(Records to use)

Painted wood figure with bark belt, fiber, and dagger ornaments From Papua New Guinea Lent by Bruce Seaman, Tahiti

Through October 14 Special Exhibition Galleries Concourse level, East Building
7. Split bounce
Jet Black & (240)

(End Records to use)
(Records to use)

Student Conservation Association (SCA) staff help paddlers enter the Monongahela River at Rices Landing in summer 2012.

(End Records to use)

Using only the listing above, restate exactly the lines from the line containing "Through October 14" through the line containing "Jet Black & (240)", both included.

Through October 14 Special Exhibition Galleries Concourse level, East Building
7. Split bounce
Jet Black & (240)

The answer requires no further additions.